My boy at 8 months old was about 60 something to give you some perspective on how they grow after they are fully grown height wise. He's currently 25.5" at the withers which is also within standard. Your boy might not be fat, he just might be tall, which would cause him to carry more weight.


----------



## porcelanne (Sep 13, 2012)

I've never measured his height actually... But he is tall, especially when he sits it is noticeable. So he is currently 8 and a half months old & 39.5kg which works out at 87lbs. Big lad! He's a pedigree but not necessarily bred to be a certain shape, colour or size. Both his parents were large, but I figured all german shepherds are! Strange to think he weighs now what other adult gsds do. Will have to measure his height


----------



## porcelanne (Sep 13, 2012)

He was 74lbs (34kg) at 7 months.... Im starting to believe i'll have a very big bear on my hands!!


----------



## Raintheshepherd (Jan 8, 2013)

What about females at the same age? What's normal weight for them? 
Mine is 31kgs or 68lbs. 


Sent from Petguide.com Free App


----------



## I_LOVE_MY_MIKKO (Oct 4, 2006)

He might not get any bigger than that. My dog was full grown at seven months.

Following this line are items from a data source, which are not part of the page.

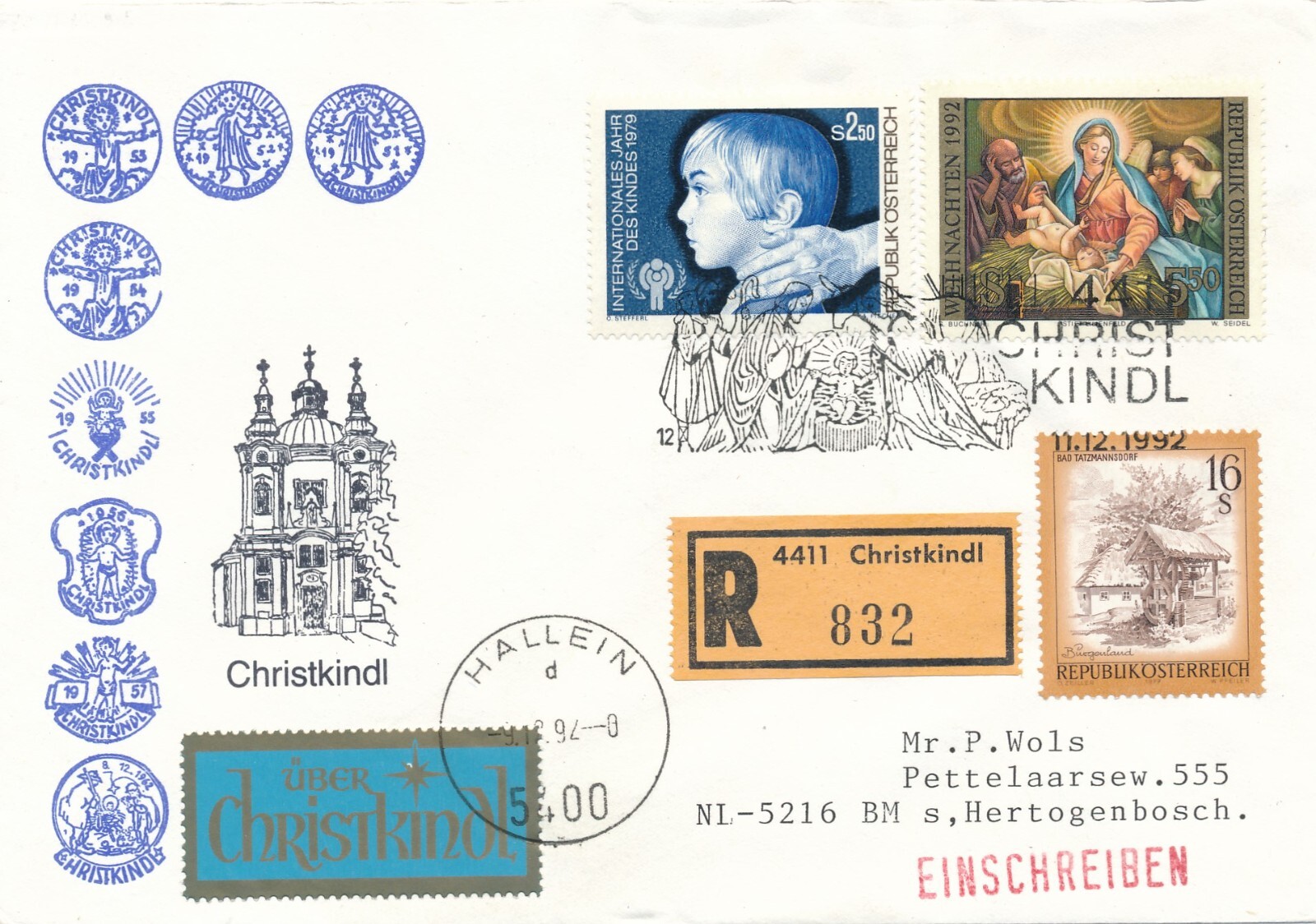 Christkindl - Reco - Brief 11.12.1992 + LZ Hallein (11590)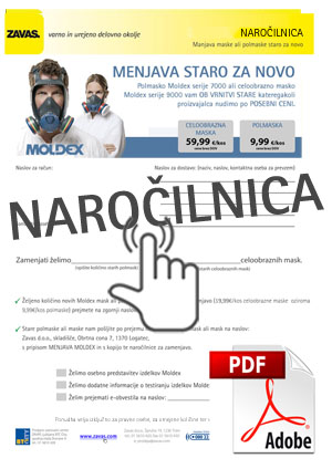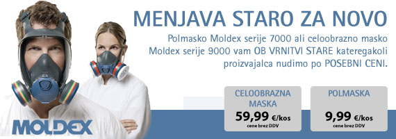 Ob vrnitvi vaše stare celoobrazne dihalne maske ali dihalne polmaske, vam nudimo novo Moldex celoobrazno masko 9000 po ceni 59,99€/kos+ddv ali novo polmasko Moldex 7000 po ceni 9,99€/kos+ddv.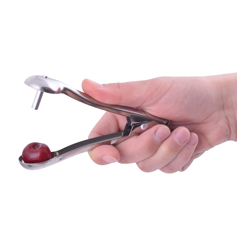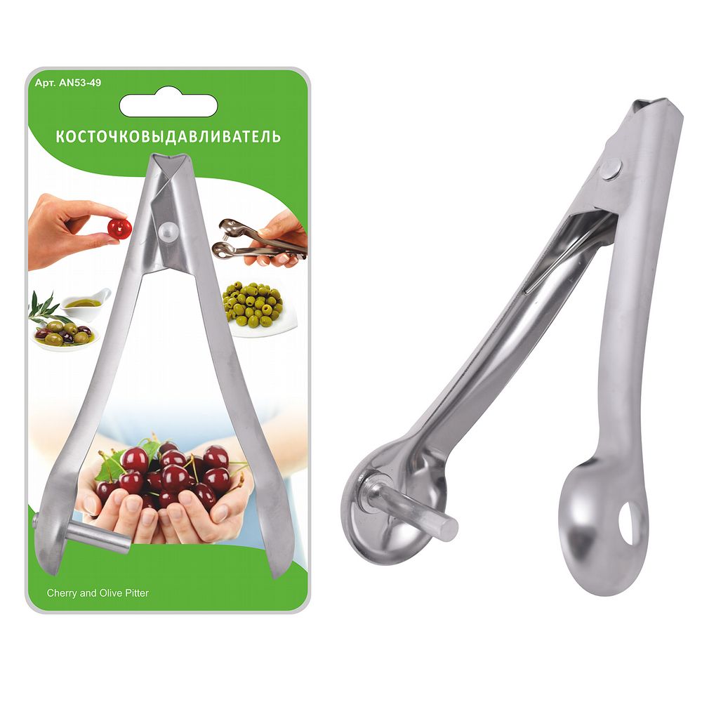 Любителям заготовок, ягодных десертов, джемов и компотов приходится сталкиваться с обработкой ягод, ведь их нужно помыть, почистить, убрать косточку и т.д. Если объем продуктов большой, такая работа покажется монотонной и рутинной. Сократить время на чистку ягод поможет специальный косточковыдавливатель, который одним движением удаляет косточку из вишни, черешни, оливок. Инструмент напоминает щипцы, на одной части расположен стержень, на другой отверстие, через которое выпадает косточка. Простота и надежность конструкции позволит быстро очистить ягоду с минимальным повреждением мякоти и без потери сока. Изготовлен из стали с хромированным покрытием.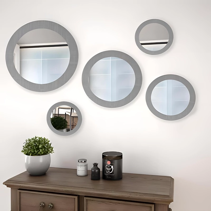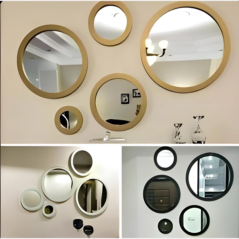 محصول خاص آینه گرد 5 تایی در رنگبندی مختلف 😍 مشکی ، سفید ، طوسی ، قهوهای ، طلایی ارسال فوری به سراسر ایران ✈️ با بسته بندی مرتب ✅ جنس همه رنگبندی ها از پی وی سی نانو بوده کاملا ضد آب و قابل شستشو ✅💯💦 مناسب برای انواع دکوراسیون ها و سلیقه ها بالای مبل ، بالای تخت، بالای تلویزیون ، توی راه رو ، بالای جاکفشی و دراور و .... تمامی محصولات موجود است میتونید ثبت سفارش کنید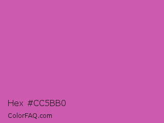 Hex #cc5bb0 Color is a normal magenta color and the nearest color is Super Pink #cf6ba9. Hex code #cc5bb0 and RGB value is rgb(204,91,176). In RGB color space, this color is composed of 80% red, 36% green, 69% blue, In CMYK color space, this color is composed of 0% cyan, 55% magenta, 14% yellow , 20% black , In HSL color space, this color has a hue angle of 315° , 53% saturation and 58% lightness.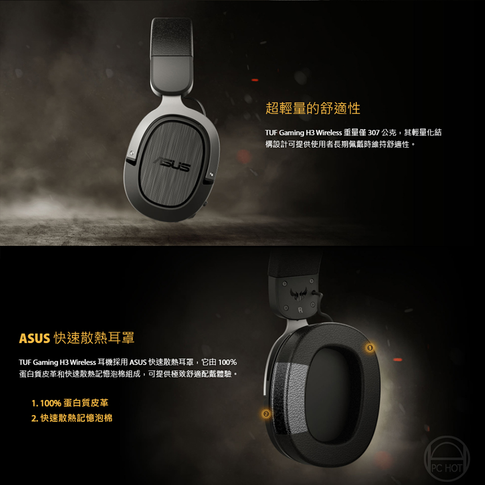 TUF Gaming H3 Wireless 耳機採用 ASUS 快速散熱耳罩,它由 100% 蛋白質皮革和快速散熱記憶泡棉組成,可提供極致舒適配戴體驗。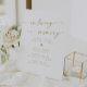 Ce boho chic or et blanc mariage en signe de mémoire aimante est parfait pour un mariage minimaliste. L'or jaune neutre et le design bohème moderne blanc présentent une calligraphie rustique simple avec un style unique mais classique. Personnalisez votre signe commémoratif mariage avec le nom de vos proches disparus.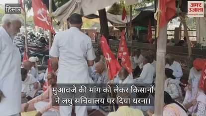 हिसार: खेतों से पानी निकासी, मुआवजे की मांग को लेकर किसानों ने लघु सचिवालय पर दिया धरना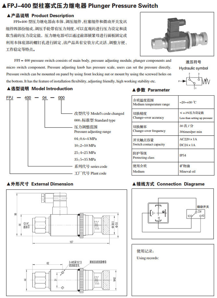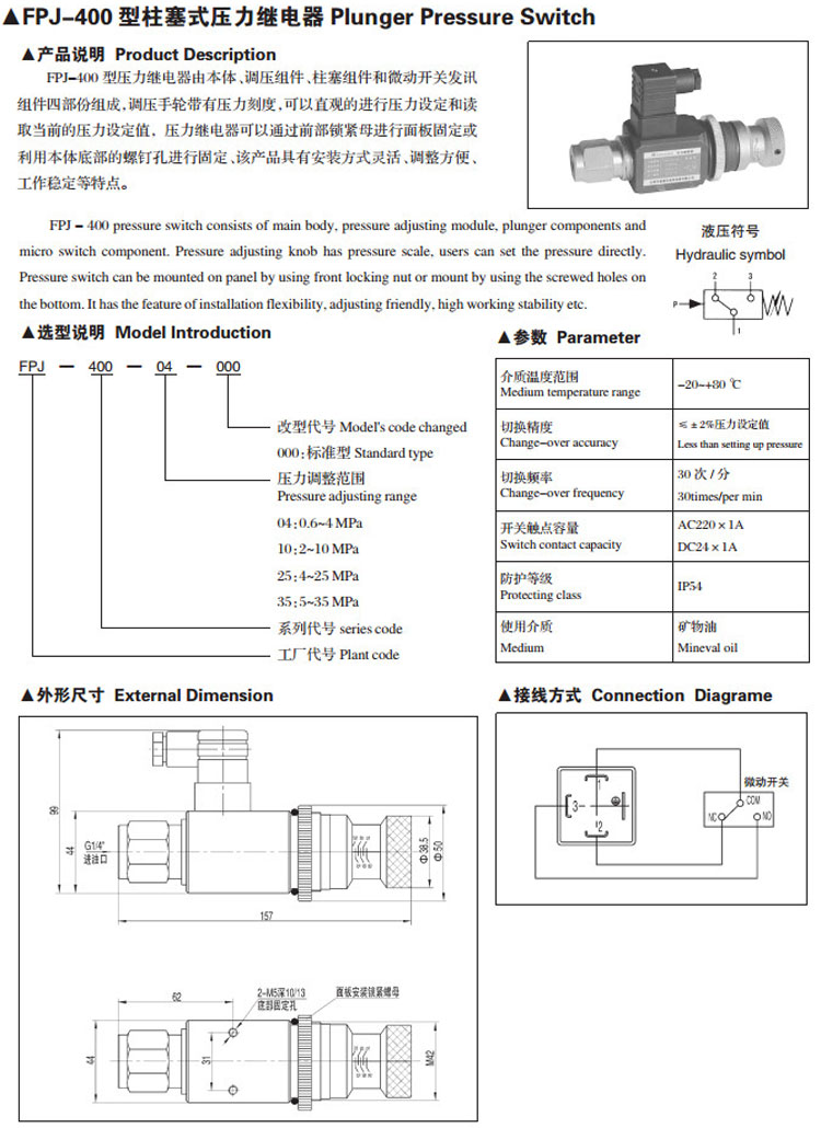 詳細信息 FPJ-400-04,FPJ-400-10,FPJ-400-25,FPJ-400-35,柱塞式壓力繼電器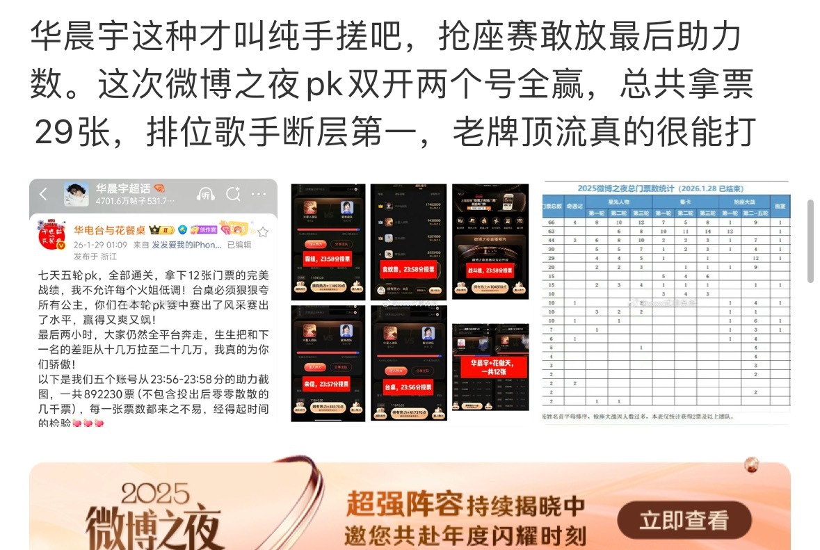 我看首页针对华晨宇和周深两家的微博之夜抢座的盘点,不得不说老牌歌手粉丝的粘性是真的强。
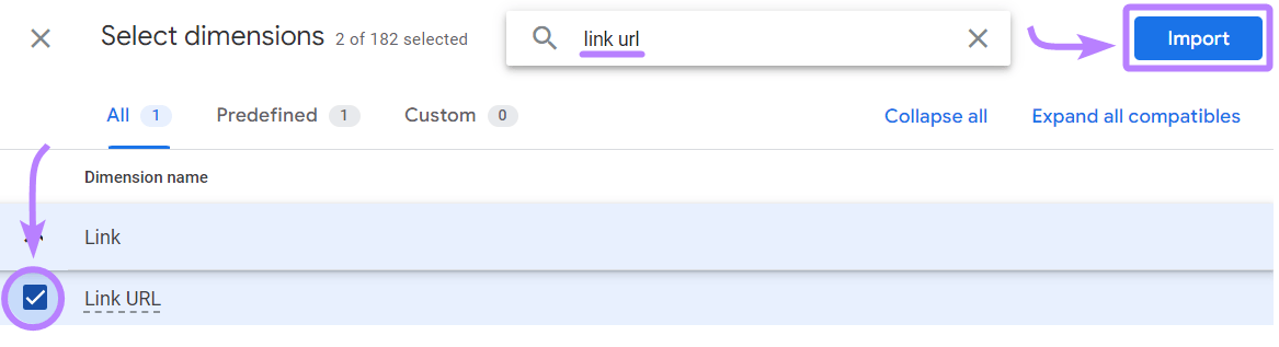 Then, click "Import" to add it to your custom event report.

I don't know what his height was, so he may have gotten taller, but he doesn't weigh more at seven years.


----------



## Jd414 (Aug 21, 2012)

My male will be 8 months Feb 1st and weighs 80 lbs he's about 26-27 inches at the shoulder 


Sent from Petguide.com Free App


----------



## Giuliano_Rocco (Oct 18, 2020)

porcelanne said:


> He was 74lbs (34kg) at 7 months.... Im starting to believe i'll have a very big bear on my hands!!


how much does he weigh now?


----------



## WNGD (Jan 15, 2005)

Giuliano_Rocco said:


> how much does he weigh now?


7 year old thread.....
My pup was 100 pounds at 8 months and hasn't gained much at all since (thankfully) now at 11 months. He's very tall and very long and very lean 

When he fills out, I still hope to keep him to 110 but he's got a year of growing to do.

PS
I was just reading about an over standard GSD being shown and winning a major dog show. A 90 pound male is not rare any more.


----------



## David Winners (Apr 30, 2012)

Valor was 57.7 pounds at exactly 5.5 months. I think it's 70% bootie.


----------



## Bearshandler (Aug 29, 2019)

Bear at that age was high 50s, low 60s. He is 82-84 now. Cion is currently 90 something.


----------